Because the teeth of Ichthyoconodon are rather sharp and convergent in some details to the teeth of piscivorous mammals like otters and seals, some researchers have suggested that it may have fed on fish. There is no evidence for an aquatic lifestyle, other than the location the fossil were found. However there were freshwater semi-aquatic mammals in the Mesozoic, including the Jurassic and Cretaceous docodonts like Castorocauda and Haldanodon, Early Cretaceous monotremes and the Late Cretaceous Didelphodon. Ichthyoconodon and Dyskritodon amazighi are the only Mesozoic mammals so far to have been suggested to have possibly foraged in the sea. Researchers such as Zofia Kielan-Jaworowska pointed out lack of functional comparison between eutriconodont teeth and those of marine mammals. Unlike the teeth of seals and cetaceans, eutriconodont molars occlude, creating a shearing motion like carnassials, and unlike the grasping function of marine mammal molars.
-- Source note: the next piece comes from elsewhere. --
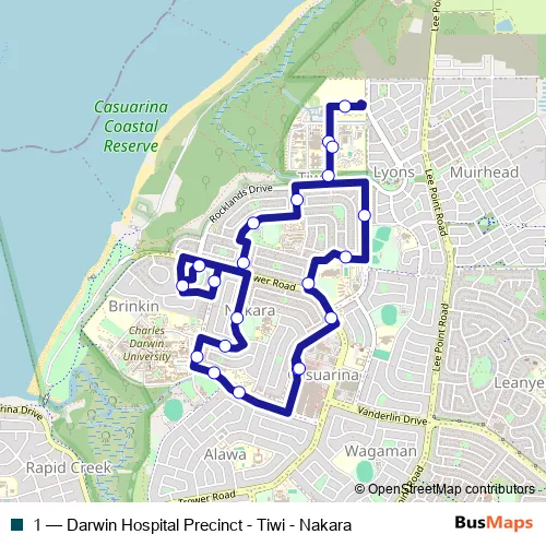 The first stop of the 1 bus route is Casuarina Interchange and the last stop is Casuarina Terminus. 1 (Darwin Hospital Precinct - Tiwi - Nakara) is operational during everyday.

It is possible that Ichthyoconodon may have been a gliding mammal, based on its relationship with the other gliding mammals like Volaticotherium. The presence of Argentoconodon in South America, Volaticotherium in Asia and Ichthyoconodon in North Africa in such a relatively close span of time suggests there may have been a widespread clade of Jurassic-Early Cretaceous gliding triconodonts.